◆ The problem: Write out every line below again exactly as it stands, skipping each image.

◆ Recorded information:
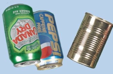
Lo nhôm & kim loại
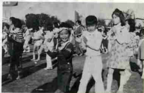
チビッ子にも楽しい一日のおまつりでした
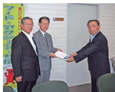
千葉県 麻生農林水産部長へ
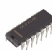
MAX1488EESD Maxim Integrated IC DVR RS232 QUAD 120KBPS 14DIP

◆ Answer below:
Lo nhôm & kim loại
チビッ子にも楽しい一日のおまつりでした
千葉県 麻生農林水産部長へ
MAX1488EESD Maxim Integrated IC DVR RS232 QUAD 120KBPS 14DIP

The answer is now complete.